Naturally, the court began its “analysis” by reminding us that the “scope of a court’s inquiry on a motion to dismiss … is narrowly circumscribed. The court must accept the facts alleged as true and determine whether the facts alleged fit within any cognizable legal theory.” Keller, 2009 N.Y. Misc. LEXIS 5128, ** 6. And the court goes on. And on. In fact, in the conclusion of the opinion the court regurgitates another full paragraph about how “narrowly circumscribed” it is, and if it can shoehorn the facts into “any cognizable legal theory,” we’re off to the races.
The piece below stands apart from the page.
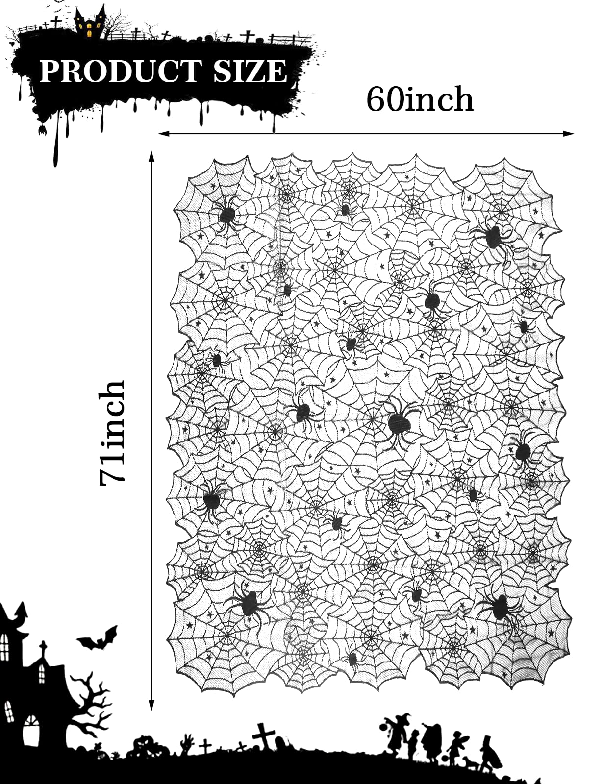 - 【PERFECT SIZE & WIDELY USAGE】-- The spider web table runner measures 13 x 72 inches approx which is great for about 4-6 table seats.Perfectly fits for dining table, coffee table, mantel,counter, fireplace,shelf, window,doorway,yard or as a background

Id., at **32. It really does reek of “the Lady doth protest too much,” or, to put it in vernacular a little closer to home, ‘sure this case is replete with silly causes of action, but somebody else’ll sort that out.’ Or maybe this: ‘Gatekeeper, shmatekeeper.’ Obviously, Twiqbal is nowhere in sight. It’s not New York law. But Keller shows why it should be. Sigh. At least, as the New Jersey case showed, there’s always summary judgment.
If the New Jersey case was the treat, the Keller case was the trick. It’s like soap on the windows, egg on the stucco, and the burning bag on the welcome mat.